====== Provided records ======
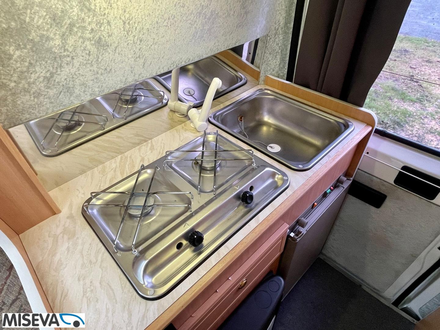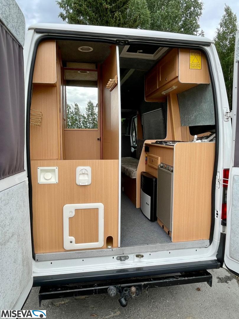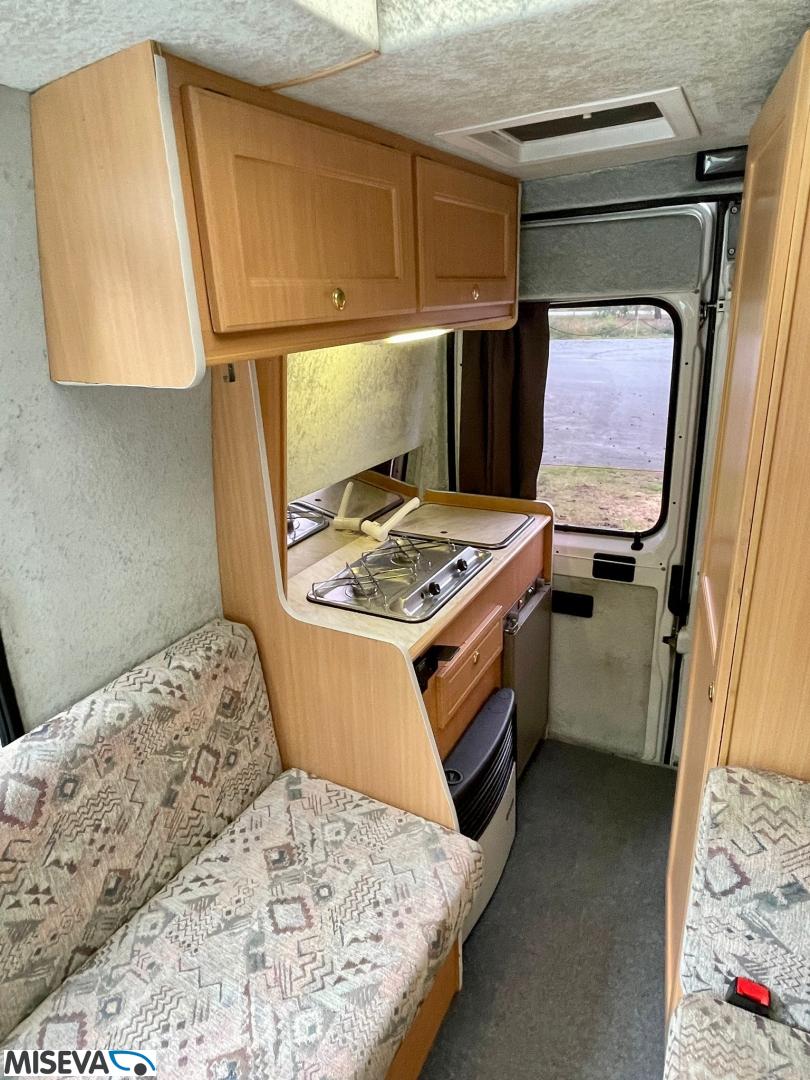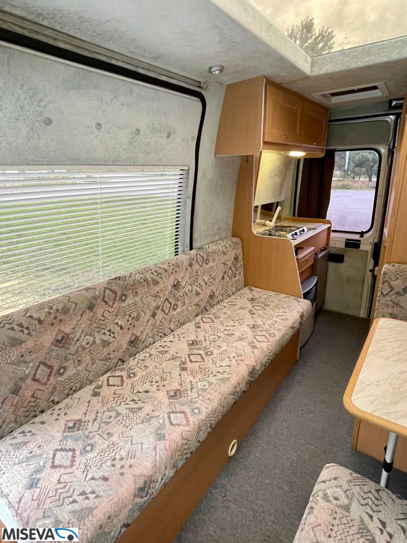 Auton etuosassa pitkä sohva ja vastakkain istuttava pöytäryhmä joka sijattavissa vuoteeksi. Auton takaosasta löytyy keittiö ja WC.
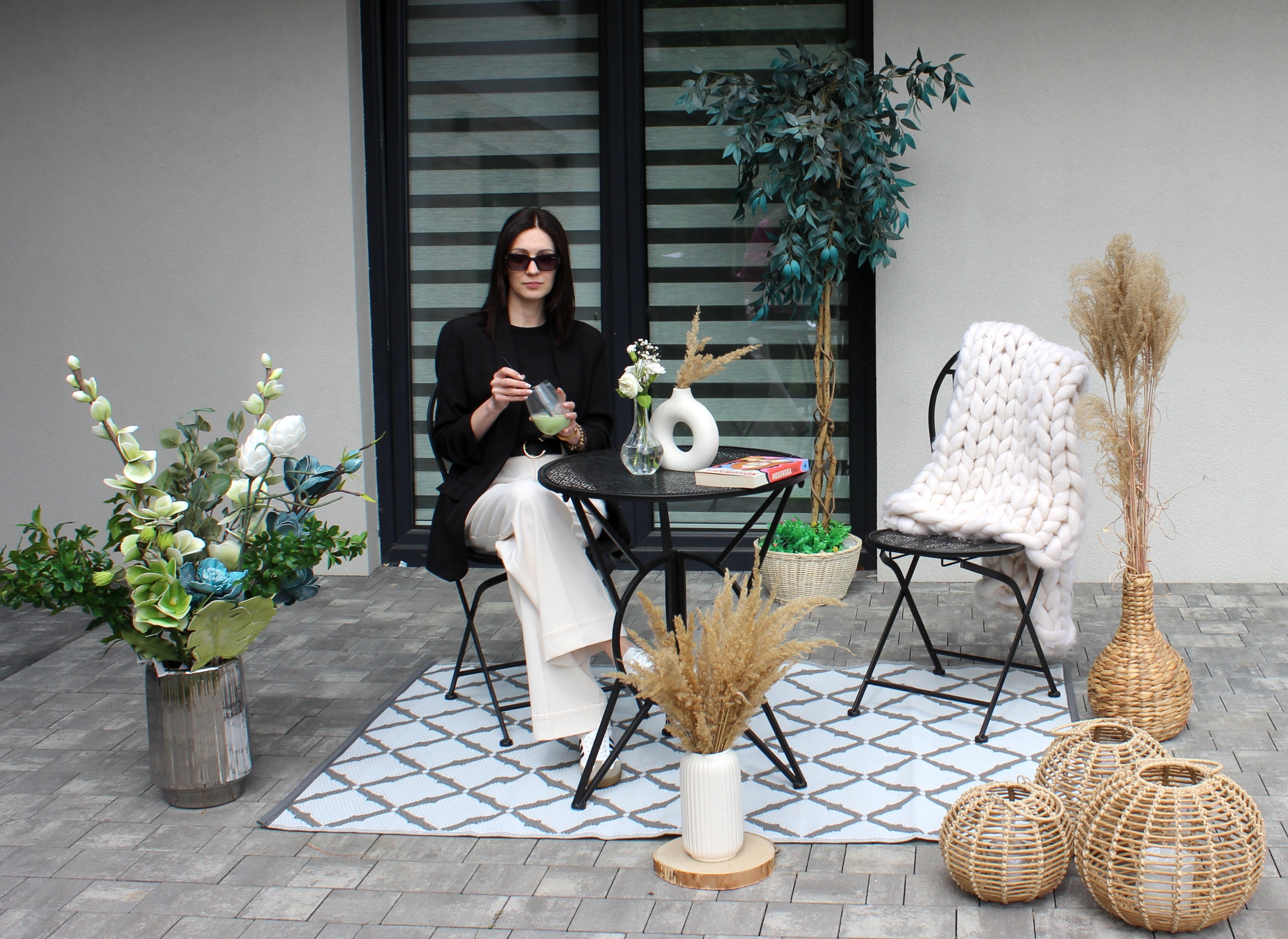Specificatii: Scaun: 39,5 × 42,5 × 94 cm Masa: 70 × 75 cm Material: metal 3 piese: 2 scaune + 1 masa Culoare: negru Setul de mobilier gradina metalic SUSAN este alegerea ideala pentru amenajarea unui balcon, a unei terase sau a unei gradini in stil vintage. Designul elegant, cu ornamente decorative atent lucrate in metal si finisaj mat, ofera un aspect rafinat si luminos oricarui spatiu exterior. Este potrivit atat pentru locuinte, cat si pentru cafenele sau zone comerciale amenajate in stil clasic. Structura metalica solida asigura stabilitate si rezistenta in timp, iar scaunele au constructie fixa, nedezasamblabila, ceea ce le confera durabilitate sporita. Setul se pliaza usor si nu necesita unelte pentru montaj, fiind simplu de instalat si depozitat. Suprafata este usor de curatat si potrivita pentru utilizare in exterior.
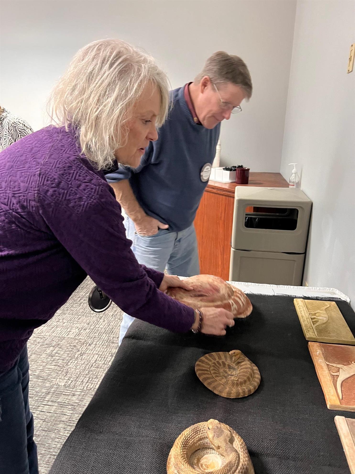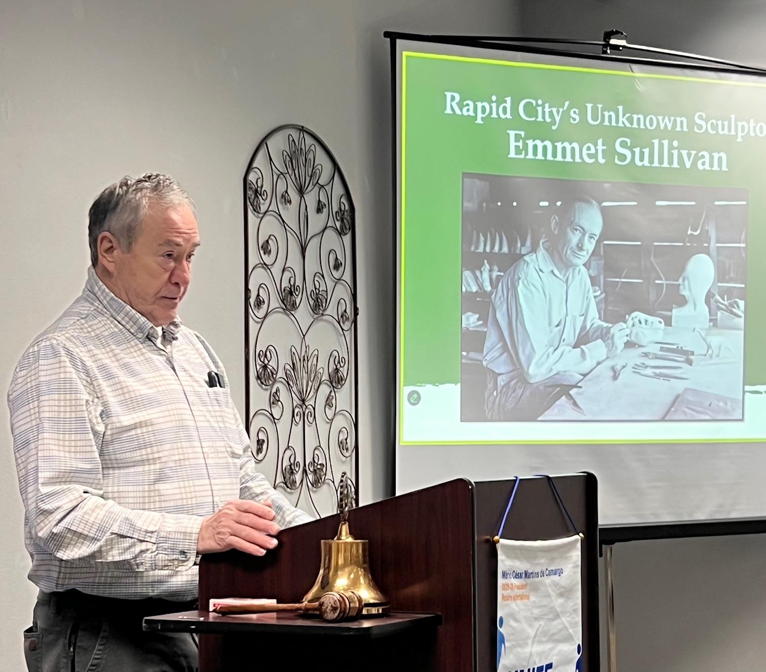 Rushmore Rotarian Pat Roseland presented at today's meeting, sharing his research on artist Emmet Sullivan, the creator of Dinosaur Park in Rapid City.
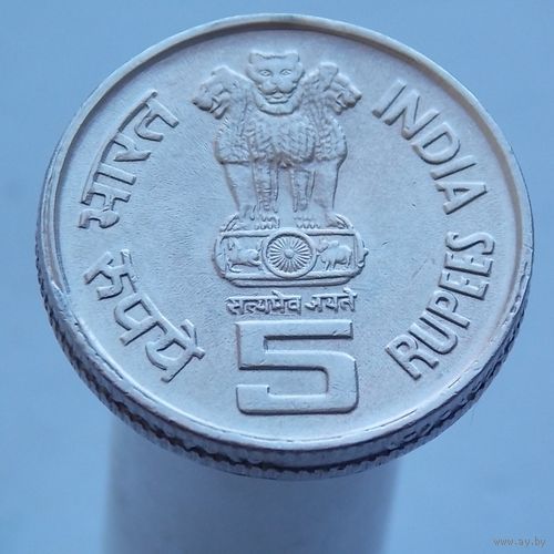 Индия 5 рупий 1994 Международная организация труда /рубчатый гурт с желобом/
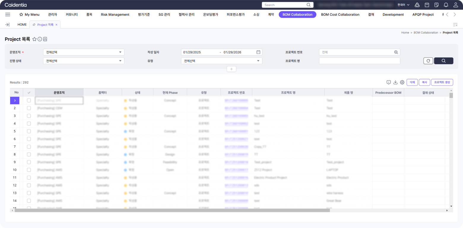 • BOM 프로젝트 생성 및 관리
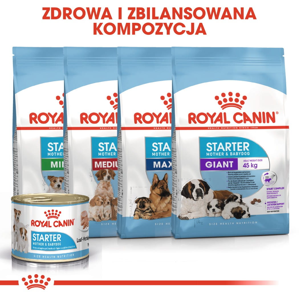 Karma ROYAL CANIN® Starter Mother & Babydog pokrywa potrzeby suk w ciąży i okresie laktacji, ras małych (do 10 kg) oraz szczeniąt ras małych, w okresie odsadzenia, do 2 miesiąca życia.
======
**Your task**
In your reply, please set down exactly the lines from the one containing "Индия 5 рупий" through the end of the records, with the pictures left out.

**Solution**
 Индия 5 рупий 1994 Международная организация труда /рубчатый гурт с желобом/
 • BOM 프로젝트 생성 및 관리
 Karma ROYAL CANIN® Starter Mother & Babydog pokrywa potrzeby suk w ciąży i okresie laktacji, ras małych (do 10 kg) oraz szczeniąt ras małych, w okresie odsadzenia, do 2 miesiąca życia.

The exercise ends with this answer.